Arnulf asked about the goals of the opengeoportal. His observation was this sounded more like a meta project/domain group that is pulling together existing software pieces to create the portal, rather than a software development group. Will there be code contributions back to the open source software projects being used by the portal?
Stephen noted there is the potential to help with search and contribute back code. “Today we have institutions with a known problem and money going forward toward solving it. We are learning how to collaborate with others.”

We all recognize Patrick has done a lot to get the opengeoportal to where it is now, but he stated he is looking to step back a bit. He stated he really wants everyone’s active leadership in this.

Next Steps
-     Draft key areas of governance and decision making practices to share with group for discussion – Lisa (MIT), Steve (Tufts), and Patricia (Stanford, working with Julie Sweetkind-Singer) offered to lead this
-     Communication – it will be critical to establish positive and strong lines of communication to keep things moving forward and avoid duplication of efforts. An existing code base now exists.
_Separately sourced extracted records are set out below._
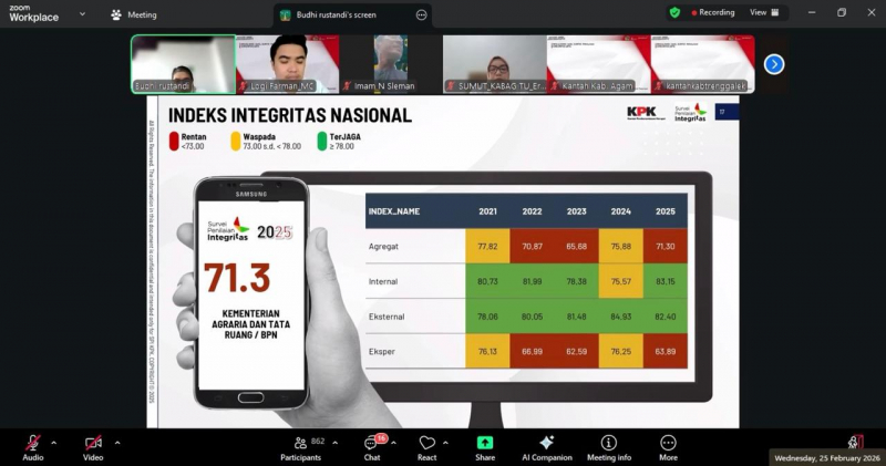 JAKARTA, Bungopos.com - Hasil Survei Penilaian Integritas (SPI) untuk Kementerian Agraria dan Tata Ruang/Badan Pertanahan Nasional (ATR/BPN) Tahun 2025 telah dirilis oleh Komisi Pemberantasan Korupsi (KPK). Indeks Integritas Nasional ATR/BPN secara agregat berada di angka 71,3. Tenaga Ahli Menteri Bidang Ekonomi Pertanahan, Dedi Noor Cahyanto, meminta jajaran, khususnya Kepala Kantor Wilayah (Kakanwil) BPN dan Kepala Kantor Pertanahan (Kakantah) menempatkan perhatian serius atas angka tersebut agar bisa bertahap ditingkatkan secara signifikan.
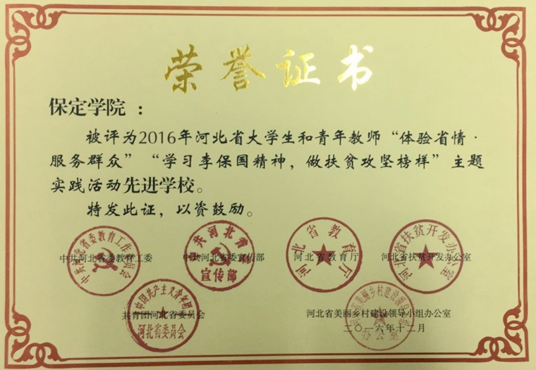 近日,中共河北省委教育工委、中共河北省委宣传部、河北省教育厅等六部门联合下发文件,对2016年河北省大学生和青年教师“体验省情·服务群众”“学习李保国精神,做扶贫攻坚榜样”主题实践活动先进集体、个人、成果进行了表彰。我院获得“先进学校”荣誉称号,“古风遗韵”实践小分队、“花开远方”支教小分队被评为“先进小分队”,葛旭升、高立威、张帆等7名教师被评为“优秀指导教师”,高云鹏、韩玉杰、武萌萌等13名学生被评为优秀实践队员,《关于河北省古村落保护与发展现状的调查》《白洋淀水污染调查与解决建议以刘李庄镇为例》《保定市红色文化教育在小学开展现状的调查研究》等6项调研报告被评为“优秀调研报告”。
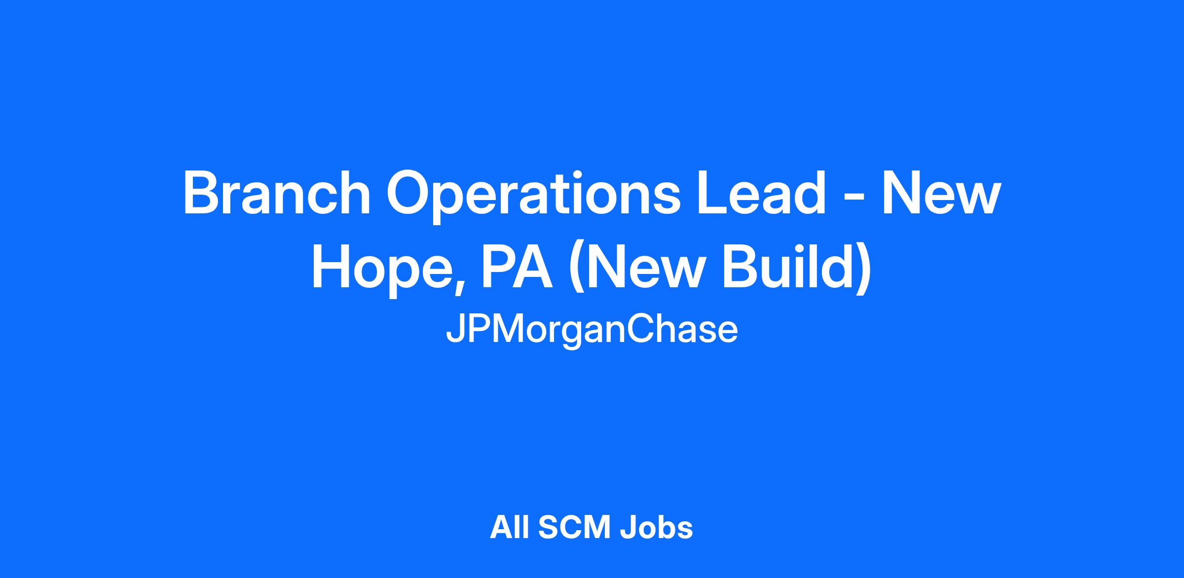 Branch Operations Lead - New Hope, PA (New Build)

Next we need to start thinking about how to create synergies and avoid duplication of efforts regarding areas like metadata creation, data loading, documentation, collection development, and learning from the experiences of the institutions that have been running geodata repositories for close to a decade (Harvard and MIT).
-     We should evaluate the communication tools being used to ensure they are open, easy to use, easy to maintain, preferably not requiring a subscription that would need to be maintained, and can be easily managed by groups. Opengeoportal.org is currently a wordpress site. Blog posts persist over time, but comments can be hard to track. WordPress charges a modest fee that requires annual renewal. Code currently sits in google code for free. Github has a built in wiki for projects and is free as long as the repository is public. If opengeoportal incubates under OSGEO then osgeo would provide some umbrella structure, including wiki space, and mailing list options.
-     The contact information for fielding requests for information and administering mailing lists and code access should be shifted from individuals to groups willing to help sustain the efforts.
-     Establish how documentation is handled for each area – code, metadata, data, etc.

Follow Ups
·     It was suggested to follow-up in person with some working meetings to hammer out some of the details. Patrick has been seeking some funding to help support travel for these.
·     Suggested next in-person meeting:  end of Oct. around the wherecamp Boston meeting (oct.
·     The next in-person meeting could possibly be on the west coast (NoCal Bay area) just before the Christmas/New Year holiday break.

Future Requests
·     backwards compatible changes to solr records – faceted searching leading to schema changes; process in place so don’t break anything
·     Create centralized code and issue tracking system

Meeting Agenda

Developer Meet-Up

Developers are meeting at the Tuesday evening Welcome Social at the Wynkoop Brewing Company.

Birds Of A Feather

There’s an OGP Birds Of A Feather meeting on Wednesday at 5:30pm in room Tower A.  Here’s are current agenda:

  • Introductions
  • Governance Issues (20 mins)
  • Federated Search (10 mins)
  • Contributions (10 mins)
  • The Future (20 mins)

Introductions

We’re a new community that needs to work together.  The first step will be to put faces to email addresses and learn what everyone is up to.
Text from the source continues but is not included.